In molecular biology and genetics, high-throughput data gathering has progressed in a short time from a novel strategy of the few to a standard approach of the many.

Much of these data are not collected in a way that guarantees their accessibility to other researchers for future analysis. The best databases, however, are online agglomerations of raw and processed data, analytic tools and insights that have been collectively dubbed 'knowledge environments'.

Funding agencies are slowly adjusting their priorities to reflect the importance of consistent, assured support for some of these databases. The US National Institutes of Health (NIH), for example, has recognized that it must provide guidance for its research sections and grantees so as to maximize the return, in both knowledge and public health, on its investments in biomedical research.

Which strategies best support the collection, analysis and dissemination of large databases of related information? Do knowledge environments promote the aims of the funding agencies? At a meeting in Bethesda, Maryland, last month, it was clear that the NIH is struggling to find a middle road between two diametrically opposed approaches to the development of such databases. Top-down pressure by the agency on researchers to use certain software or formats would probably impede their development. But a bottom-up strategy that merely encourages cross-project cooperation, while allowing researchers total freedom to devise their own databases, is bound to be chaotic, does not guarantee cross-compatibility of data, and ultimately reduces the likelihood that their contents will be used to maximally benefit research.

What is clear is that individual labs can no longer make much progress alone. Currently, many researchers feel they are drowning in data. For all they know, a database might contain answers to patient safety issues or glimmers of new therapeutics — but this is being lost through an inability to effectively harvest the data already available. Other opportunities are missed because both experts and data are 'silo'-ed in isolated and often inaccessible systems. On top of these issues is the fact that neither databases nor the experts that create them are permanent or inseparable.

The NIH and its equivalent agencies elsewhere in the world are now turning their attention to working out how best to assist the growth of validated and accessible databases.
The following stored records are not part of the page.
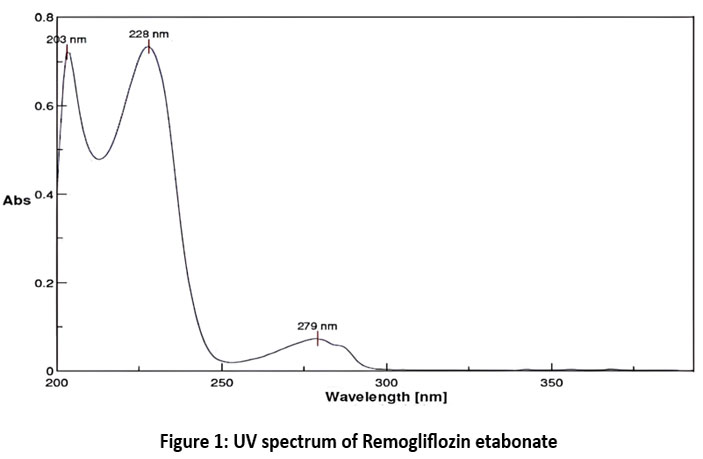 Further alteration of the mobile phase to Acetonitrile: Water (75:25 v/v) yielded a highly symmetrical and sharp peak for Remogliflozin etabonate, having 2.5 minutes as a retention time.. This trial demonstrated superior chromatographic performance, including rapid elution, a stable baseline, and a high signal-to-noise ratio. No interference was observed, confirming the specificity of the method. Table 1 outlines the optimised conditions.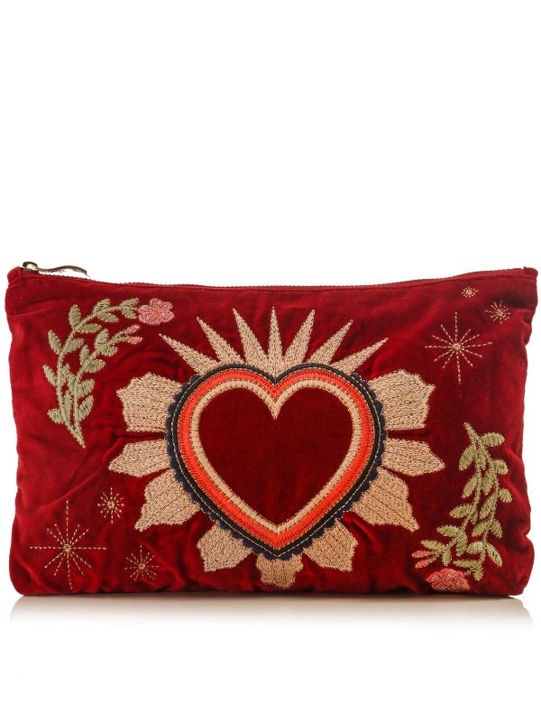 Elevate your accessories collection with the Elizabeth Scarlett Sacred Heart pouch. This deliciously soft velvet pouch bag fastens with a gold zipper and features an intricately detailed heart design with stars and florals embroidered on both the front and back. Big enough to carry your essentials while completing every outfit.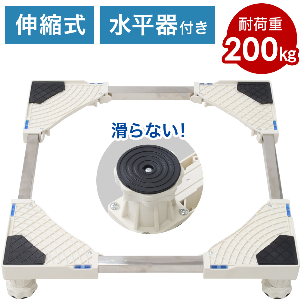 ■洗濯機台 洗濯機 台 置き台 かさ上げ 台車 冷蔵庫 アジャスター 伸縮式 縦型 ドラム式 設置 耐荷重200kg 洗面所 脱衣所 水平器付き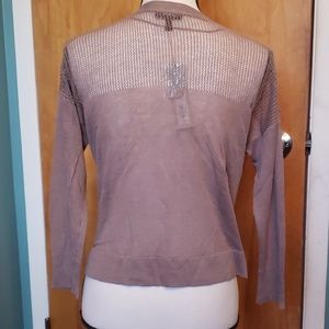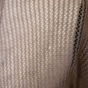 Taupe open front cardigan with mesh detail. Small defect in mesh as shown in pic but probably not really noticeable unless you are wearing white underneath.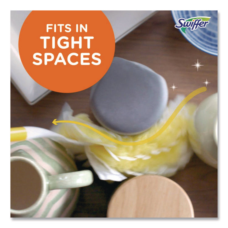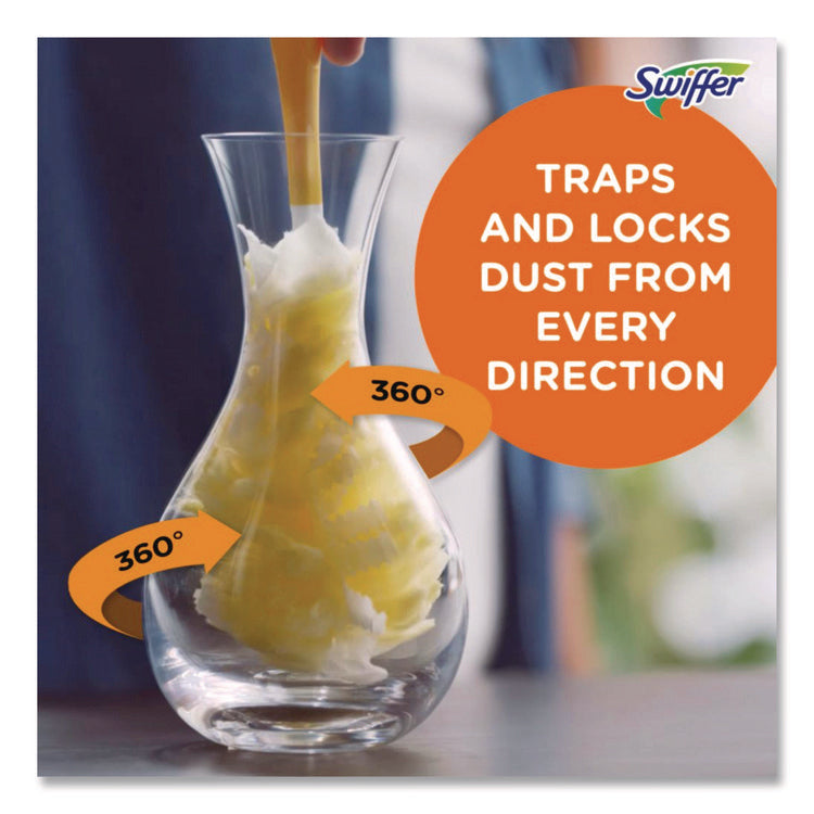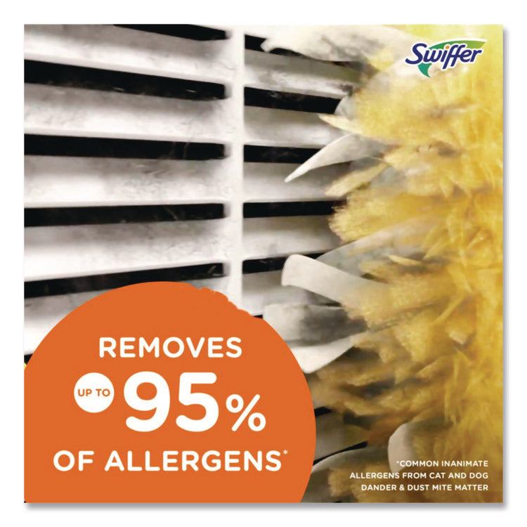 All-around design maximizes surface area to reach tight corners and smaller spaces. Traps and locks up to 3x more dust than a feather duster. Ideal for cleaning wood furniture, electronics, plants and more. For use with Swiffer Heavy Duty Dusters Handle (sold separately). Unscented. Bristle Material: Dust Lock™ Fiber; Bristle Length: 6"; Bristle Depth: 2"; Bristle Color: Yellow.

This should involve, at the least, development of policies for evaluating proposals on databases and associated analytic tools, for their sustained funding, and for ensuring that the data deposited remain accessible long after the project originators have moved on.

The NIH itself, if it chose, could aim for something grander. It could take it upon itself to define a broad reference model and the basic architecture for knowledge environments. It could even build a centralized warehouse with Google-like storage, a veritable National Biomedical Resource of raw data and the tools to access and analyse them. The challenge then would be how to store, retrieve and read data created on multiple systems by diverse research groups.

But perhaps it will prove more realistic for the US agency to concentrate on improving the inter-operability of databases, rather than pushing for their merger, and to provide incentives for building in 'joins' from the start. The NIH should work on this with industrial companies and other government agencies.

To obtain value for money, it will be vital for funding agencies to carefully select the databases they choose to support and then to support them for the long term.

All funders should also be aware of the need to support viable career paths for the software engineers and bioinformaticians who create the knowledge environments and curate the data in them. And in order to obtain value for money, it will be vital for funding agencies to carefully select the databases they choose to support and then to support them for the long term. They must encourage the sustained availability of these data and build incentives for the development of cross-querying capability.

As things stands, even popular databases such as PhysioNet (, which is facing loss of NIH funding after seven years in development, often lack secure funding. In order to get value, the NIH and other funding agencies need to develop policies for such knowledge environments that will allow long-term support of successful ones.

Researchers also need stronger incentives to sustain their own participation in building knowledge environments. At a minimum, contributors should receive a citable acknowledgement of depositions. Leadership and trust are required to ensure that primary researchers personally benefit from storing their data in open databases.

Michael Huerta, associate director of the National Institute of Mental Health, told those at the Bethesda meeting that the NIH is keen to get more mileage out of high-throughput data acquired with public funds. But that will mean that the agency should require the databases it supports to be equipped with tools and protocols that researchers find convenient to use. Ultimately, these databases must show that their data are being used by other groups, and generating work of publishable quality.